# [Instructions for the task]
Exact reproduction of the data is required, with images excluded.

# [Source data]
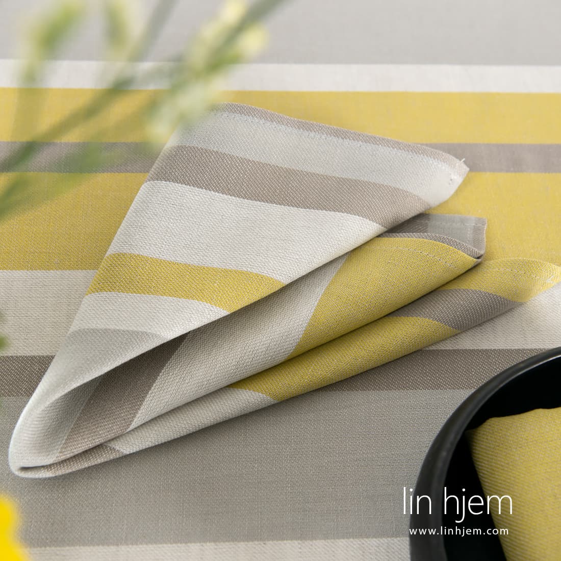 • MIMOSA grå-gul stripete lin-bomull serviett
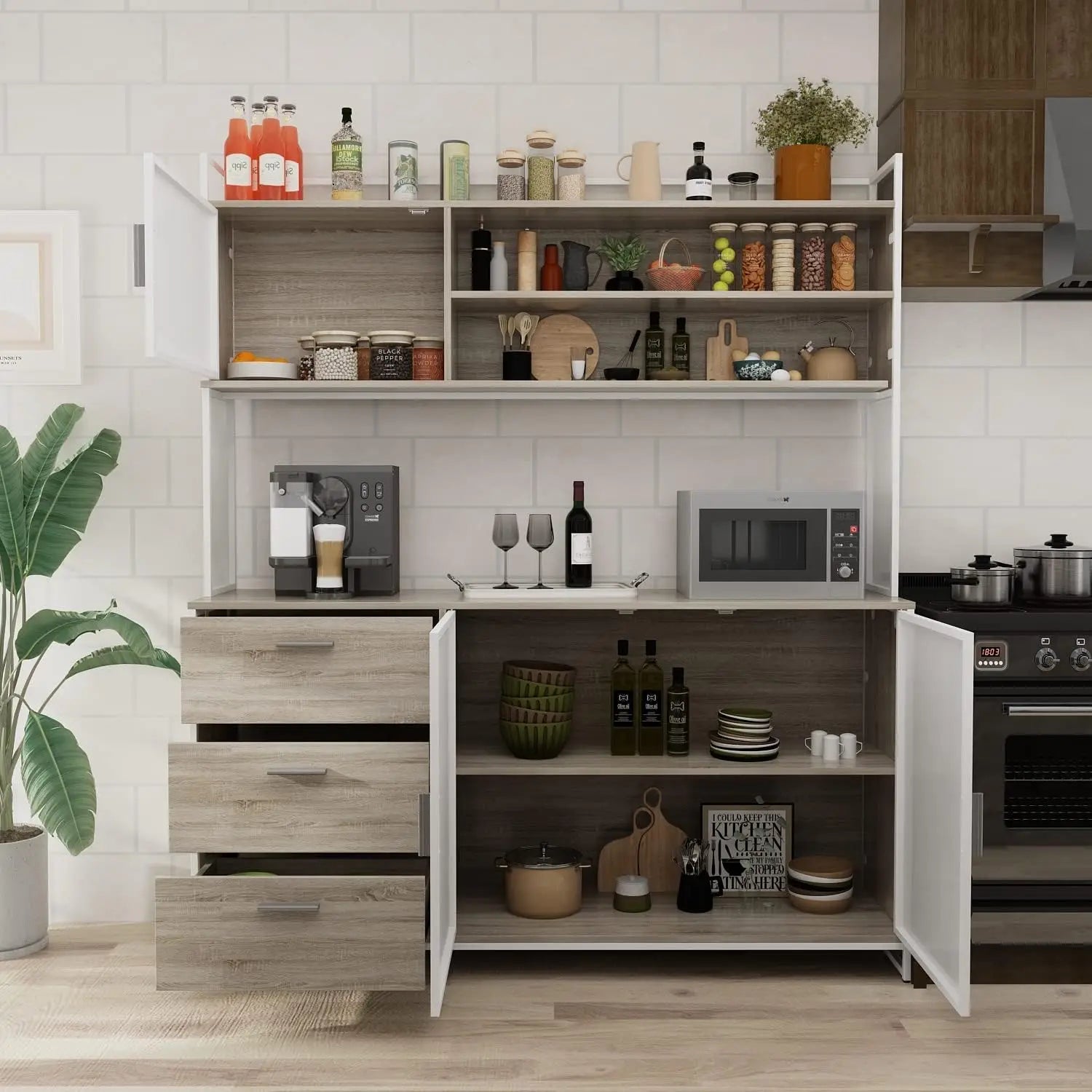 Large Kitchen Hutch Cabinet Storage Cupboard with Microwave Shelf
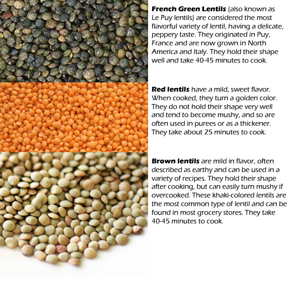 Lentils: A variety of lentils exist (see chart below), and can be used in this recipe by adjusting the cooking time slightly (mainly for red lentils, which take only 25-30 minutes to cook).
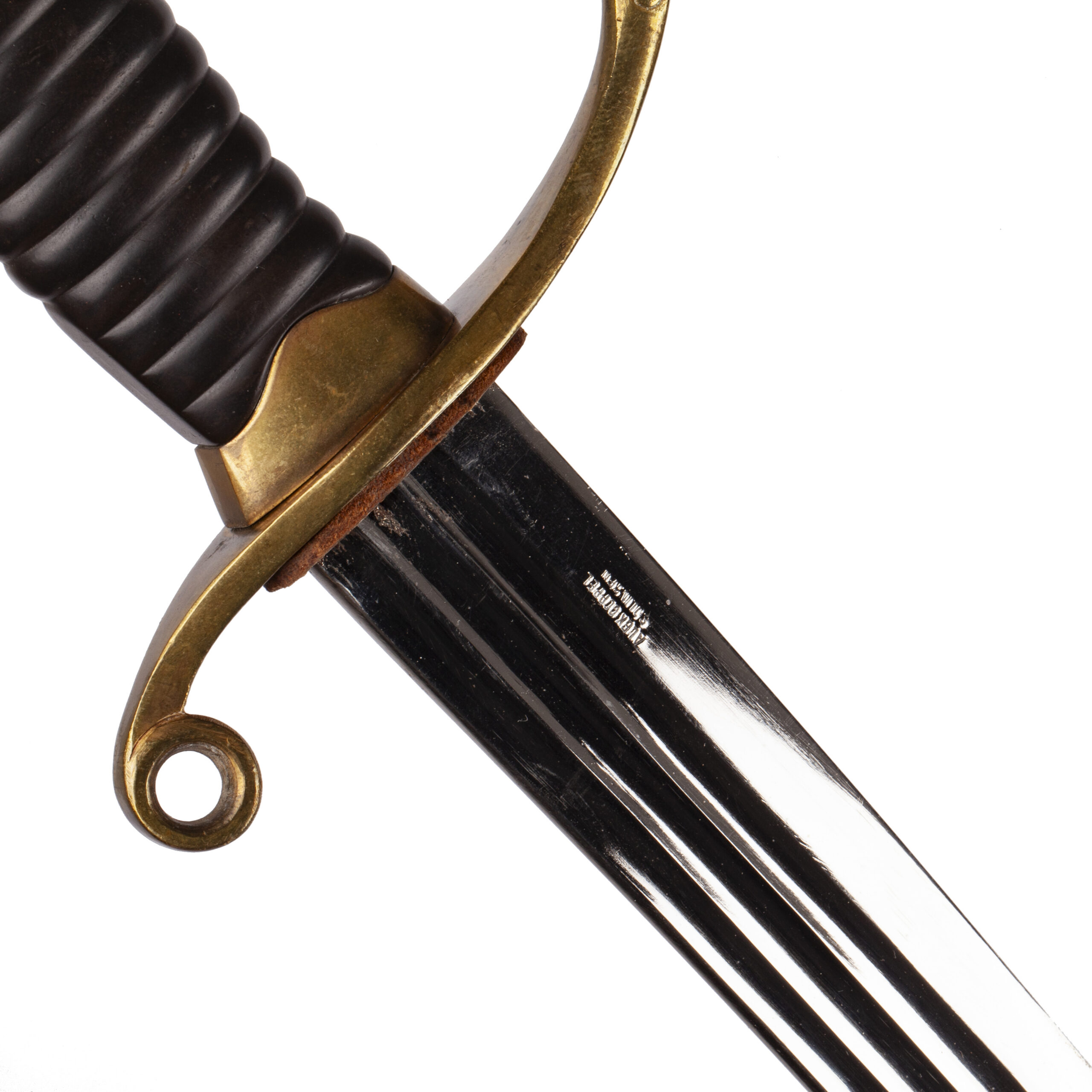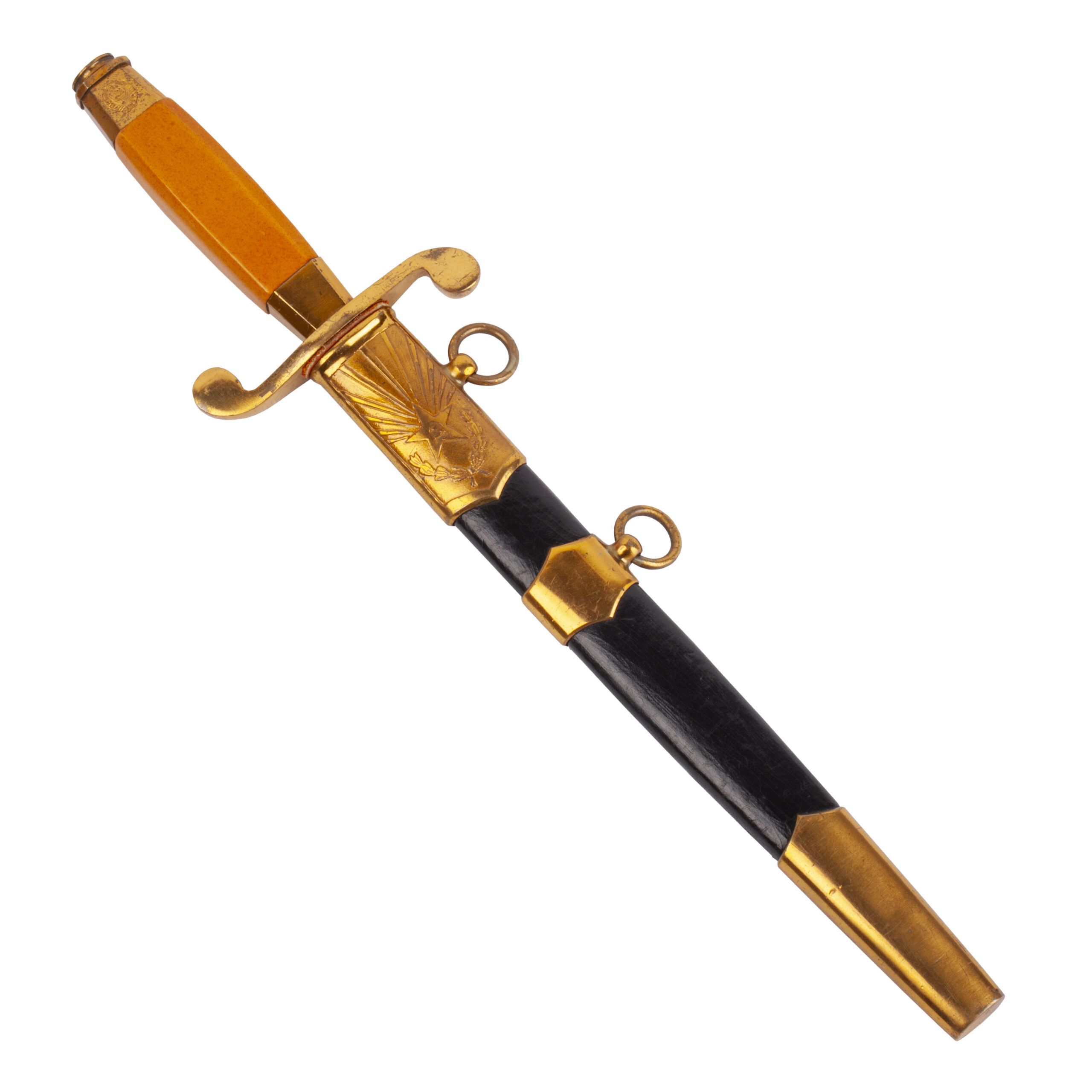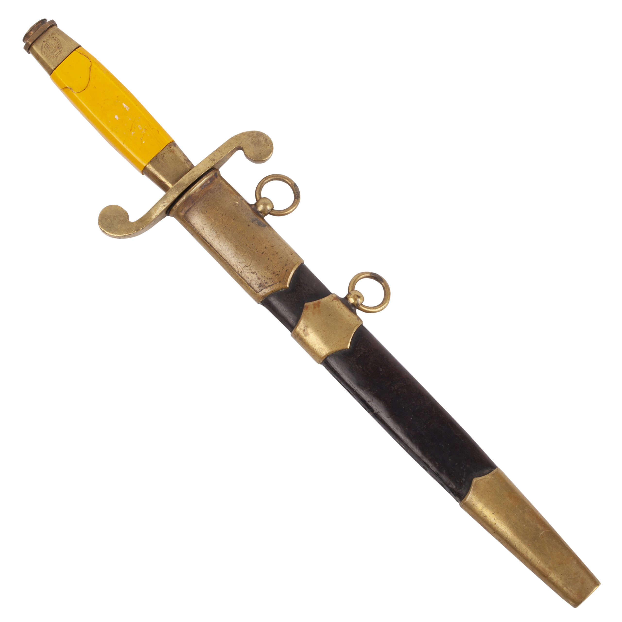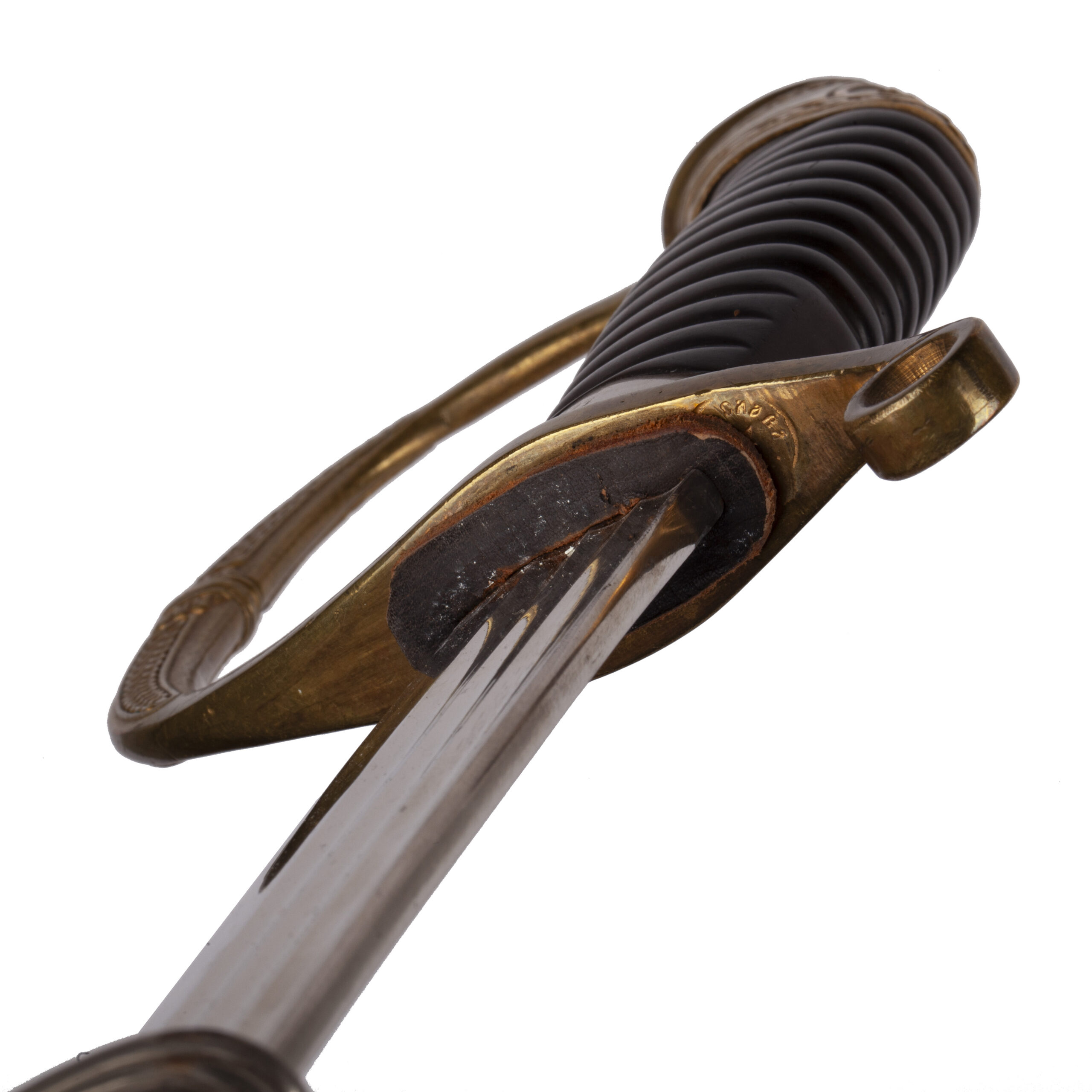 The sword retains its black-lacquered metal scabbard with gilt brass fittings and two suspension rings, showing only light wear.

# [Response to this task]
 • MIMOSA grå-gul stripete lin-bomull serviett
 Large Kitchen Hutch Cabinet Storage Cupboard with Microwave Shelf
 Lentils: A variety of lentils exist (see chart below), and can be used in this recipe by adjusting the cooking time slightly (mainly for red lentils, which take only 25-30 minutes to cook).
 The sword retains its black-lacquered metal scabbard with gilt brass fittings and two suspension rings, showing only light wear.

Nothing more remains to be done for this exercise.